◆ Description of the task:
Copy every entry below exactly as it appears, leaving out the images.
◇ ◇ ◇
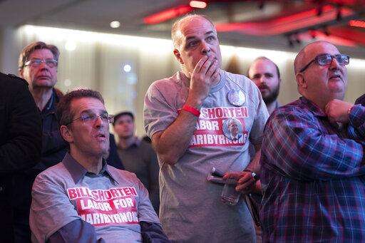 Labor party supporters watch the tally count at the Federal Labor Reception in Melbourne, Australia, Saturday, May. 18, 2019. Voting has closed in Australia's general election, with some senior opposition lawmakers confident that they will form a center-left government with a focus on slashing greenhouse gas emissions. (AP Photo/Andy Brownbill) The Associated Press
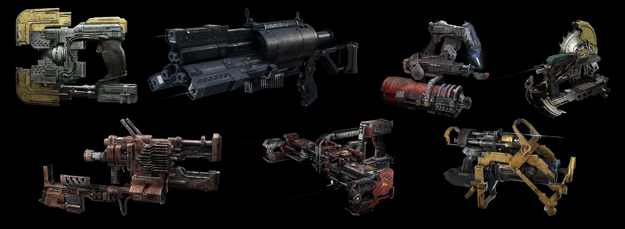 무기 종류가 지나치게 많지 않아서 좋았습니다. 전부 일곱 종류가 있는데 한 번에 네 종류를 장착할 수 있어요. 그래서 상황에 따라 무기를 미리 조정해 둬야 했고, 앞에서 말한 것처럼 적 모두 각각의 특징이 있어서 어떤 무기를 골라두느냐를 고민하는 재미도 있었습니다. 플라즈마 커터는 가장 다양하게 쓸 수 있지만 효과적으로 쓰기 위해서는 조준을 잘해야 하고, 펄스건은 타격감은 좋지만 화력이 약하고, 포스 건은 여러 적에게 포위되었을 때 유용하고 보스전 때 잡몹을 쫓아내기에는 좋지만 탄약이 비싼 데다 단거리에서만 쓸 수 있고, 컨택트 빔은 가장 강력하고 보스 전 때 유용하지만 발사에 시간이 걸리는 등등. 덕분에 다른 게임에서는 가장 효과적인 무기 한 두 개를 계속 쓸 때가 많았는데 <데드 스페이스>에서는 거의 모든 무기를 고루 돌려가며 썼어요.
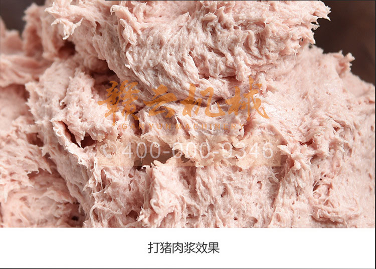 所產(chǎn)肉漿比高速類打的肉漿富有口感,不同普遍效果,工作穩(wěn)定,產(chǎn)量高質(zhì)量好,升溫低,其工作原理調(diào)速使用先慢揉將肉抱團(tuán)拉絲,慢慢加工成泥漿后無級變速拍打,使肉類纖維中發(fā)貨最大的吸水量和重組織性強(qiáng),所產(chǎn)肉丸制品等松脆有彈性,能漂浮于水面,蒸煮不裂開,火鍋上佳。
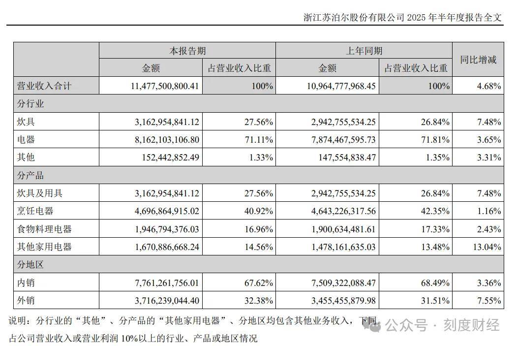外销业务为苏泊尔提供了基本盘,但也构成了其最显著的脆弱性。2025年上半年,公司外销营收达37.16亿元,同比增长7.55%,这份增长仰赖于大股东及其附属公司的订单输送。
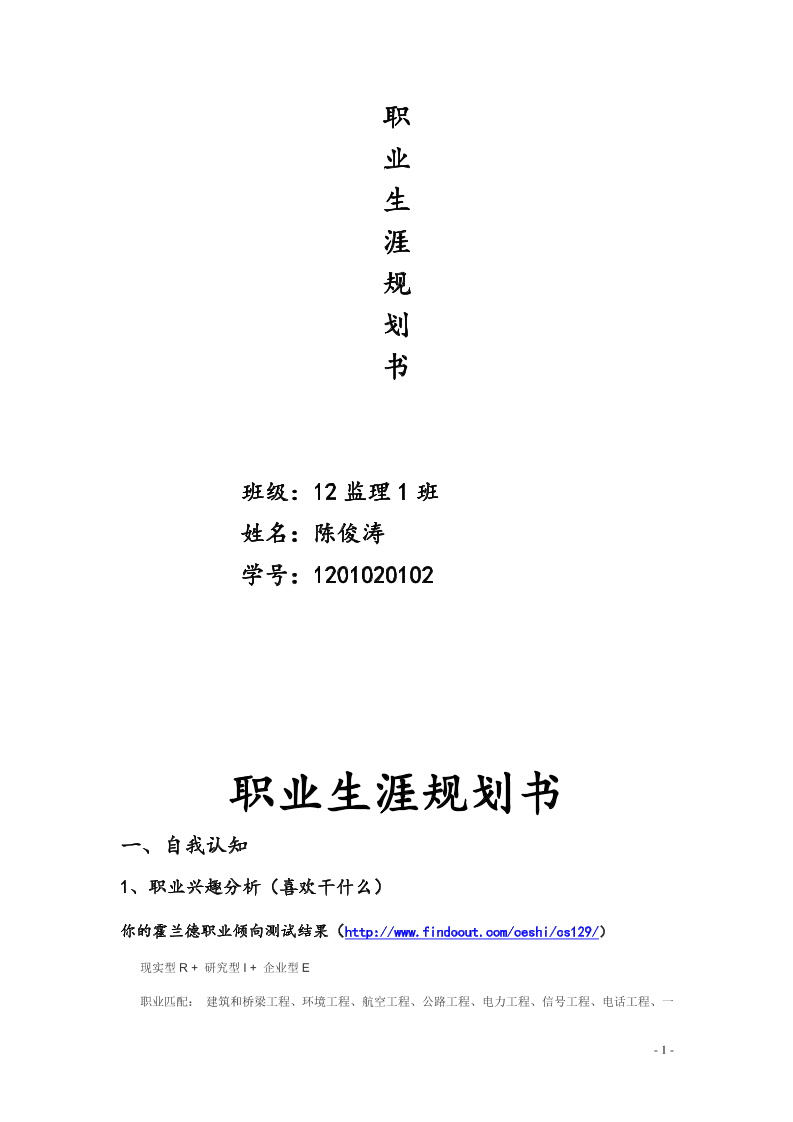 土木系(-监理-)专业职业生涯规划书(结课作业)
◇ ◇ ◇
◆ Answer for this exercise:
 Labor party supporters watch the tally count at the Federal Labor Reception in Melbourne, Australia, Saturday, May. 18, 2019. Voting has closed in Australia's general election, with some senior opposition lawmakers confident that they will form a center-left government with a focus on slashing greenhouse gas emissions. (AP Photo/Andy Brownbill) The Associated Press
 무기 종류가 지나치게 많지 않아서 좋았습니다. 전부 일곱 종류가 있는데 한 번에 네 종류를 장착할 수 있어요. 그래서 상황에 따라 무기를 미리 조정해 둬야 했고, 앞에서 말한 것처럼 적 모두 각각의 특징이 있어서 어떤 무기를 골라두느냐를 고민하는 재미도 있었습니다. 플라즈마 커터는 가장 다양하게 쓸 수 있지만 효과적으로 쓰기 위해서는 조준을 잘해야 하고, 펄스건은 타격감은 좋지만 화력이 약하고, 포스 건은 여러 적에게 포위되었을 때 유용하고 보스전 때 잡몹을 쫓아내기에는 좋지만 탄약이 비싼 데다 단거리에서만 쓸 수 있고, 컨택트 빔은 가장 강력하고 보스 전 때 유용하지만 발사에 시간이 걸리는 등등. 덕분에 다른 게임에서는 가장 효과적인 무기 한 두 개를 계속 쓸 때가 많았는데 <데드 스페이스>에서는 거의 모든 무기를 고루 돌려가며 썼어요.
 所產(chǎn)肉漿比高速類打的肉漿富有口感,不同普遍效果,工作穩(wěn)定,產(chǎn)量高質(zhì)量好,升溫低,其工作原理調(diào)速使用先慢揉將肉抱團(tuán)拉絲,慢慢加工成泥漿后無級變速拍打,使肉類纖維中發(fā)貨最大的吸水量和重組織性強(qiáng),所產(chǎn)肉丸制品等松脆有彈性,能漂浮于水面,蒸煮不裂開,火鍋上佳。
外销业务为苏泊尔提供了基本盘,但也构成了其最显著的脆弱性。2025年上半年,公司外销营收达37.16亿元,同比增长7.55%,这份增长仰赖于大股东及其附属公司的订单输送。
 土木系(-监理-)专业职业生涯规划书(结课作业)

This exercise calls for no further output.